Auburn Symphony Orchestra (ASO) is leading a consortium of orchestras from across the nation to commission Turbulent Flames. Meyer says, “I wanted to write a fiery piece for orchestra that combined a good amount of virtuosity, unpredictability, and fun.” ASO will give the world premiere on October 13, 2024 and it will then be performed by other members of the consortium over the next two seasons: Greenville Symphony (SC), Cape Symphony (MA), Idaho Falls Symphony (ID), Fayetteville Symphony Orchestra (NC), Skagit Symphony (WA), and Walla Walla Symphony (WA).

ASO believes performing and commissioning new music is vital. “Works performed today add to the overall canon of music so that a century from now listeners will have an idea of what music was like in the early twenty-first century,” says music director Wesley Schulz. 

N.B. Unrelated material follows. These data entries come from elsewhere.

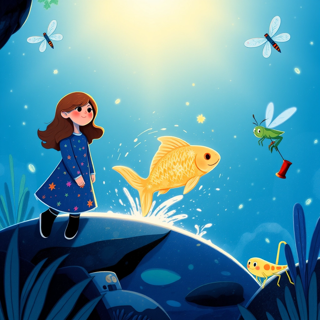 The path led them to a shimmering pond where dragonflies danced like jewels in the air. Suddenly, the water rippled, and a glowing fish jumped out. 'Welcome, [Emma](QKPD6QJ2),' said the fish, 'I am [Glimmer](DCRK6GCP), the magical pond guardian.'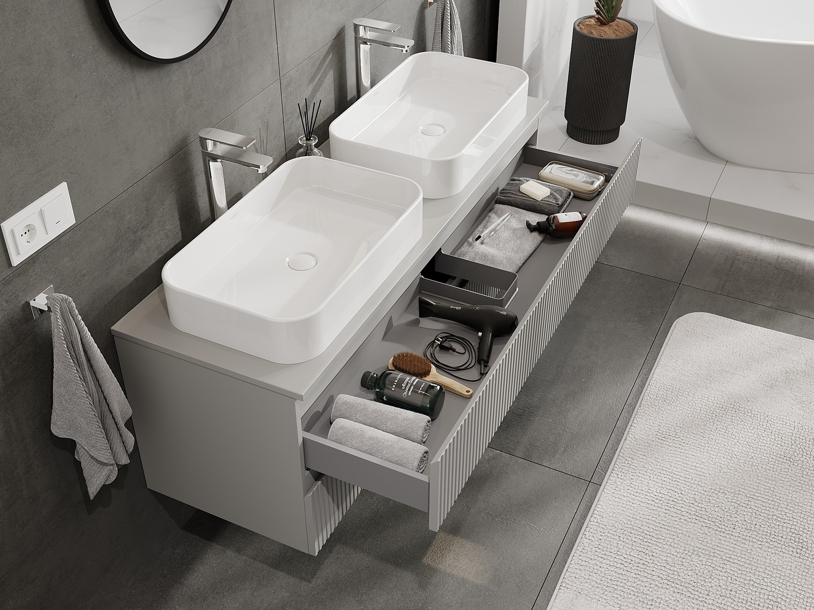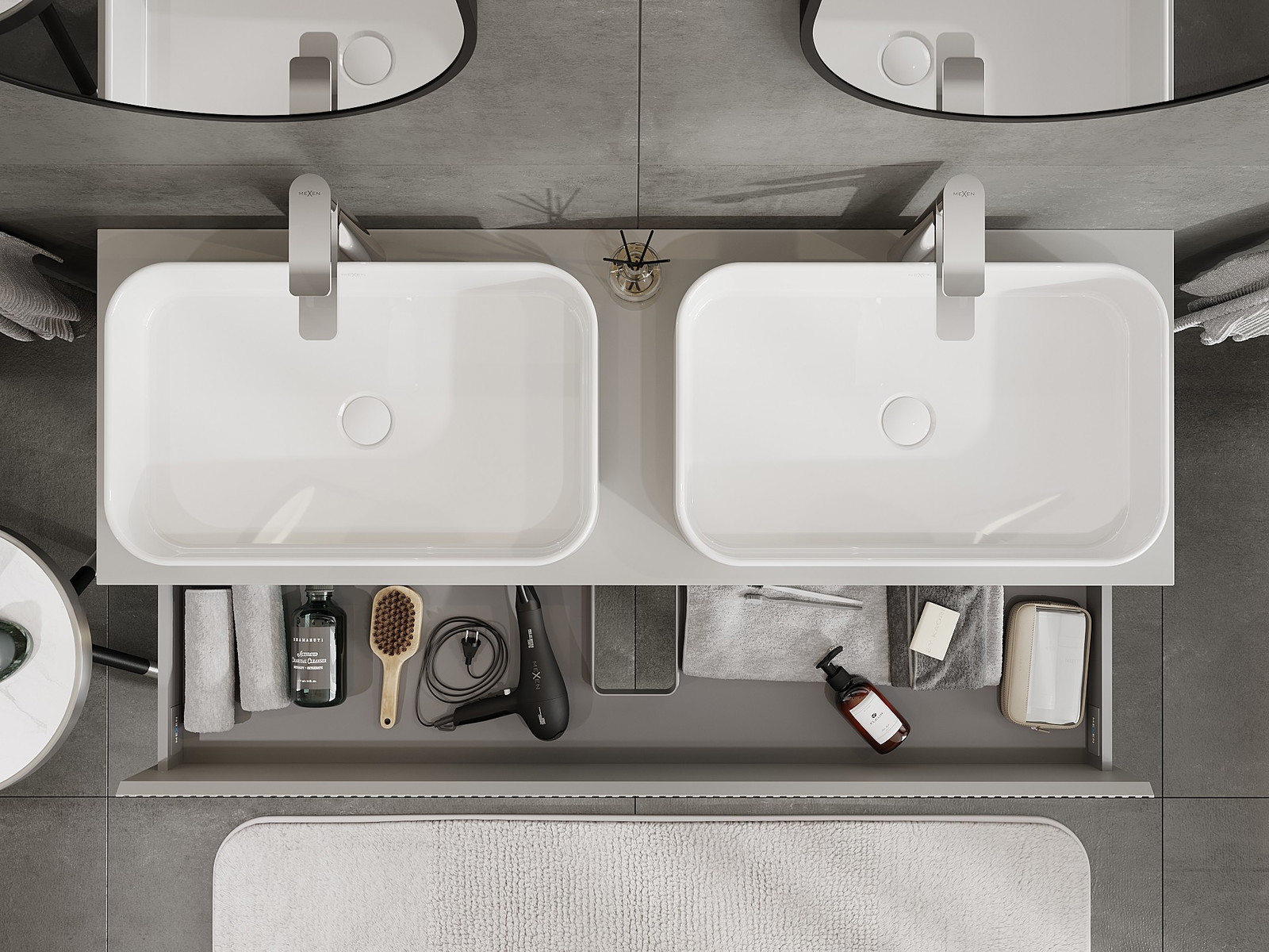 Izgriezums atvilktnē ir veidots tā, lai tajā varētu ietilpt sifons, kas ir nepieciešams izlietņu uzstādīšanā. Pateicoties tam, mēbele var tikt pilnībā funkcionāli uzstādīta, neatstājot ievērojamu vietu atvilktnē instalācijai.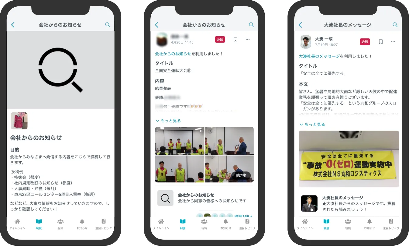 大久保:従来だとメールで連絡ができるのは管理者のみでした。現場の従業員はアカウントを持っていないので、管理者がメールを確認して、朝礼などで直接落とし込んでいくしかなくて。TUNAGでは重要な情報から些細なお知らせまで、本当に現場の末端まで情報を届けることができています。

Schulz has a way of combining new music and orchestral classics to create invigorating concert experiences. He has matched the new Jessica Meyer piece with Piano Concerto No. 3 by Sergei Rachmaninoff – an inventive favorite from 1909 with excruciatingly difficult technical passages for pianists. This piece features Dominic Cheli, who’s playing has been described as “spontaneous yet perfect, the best of how a young person can play.” (Symphony Magazine). Rounding out the program is Jean Sibelius’s Symphony No. 5, a triumphant work inspired by the majestic Nordic landscapes.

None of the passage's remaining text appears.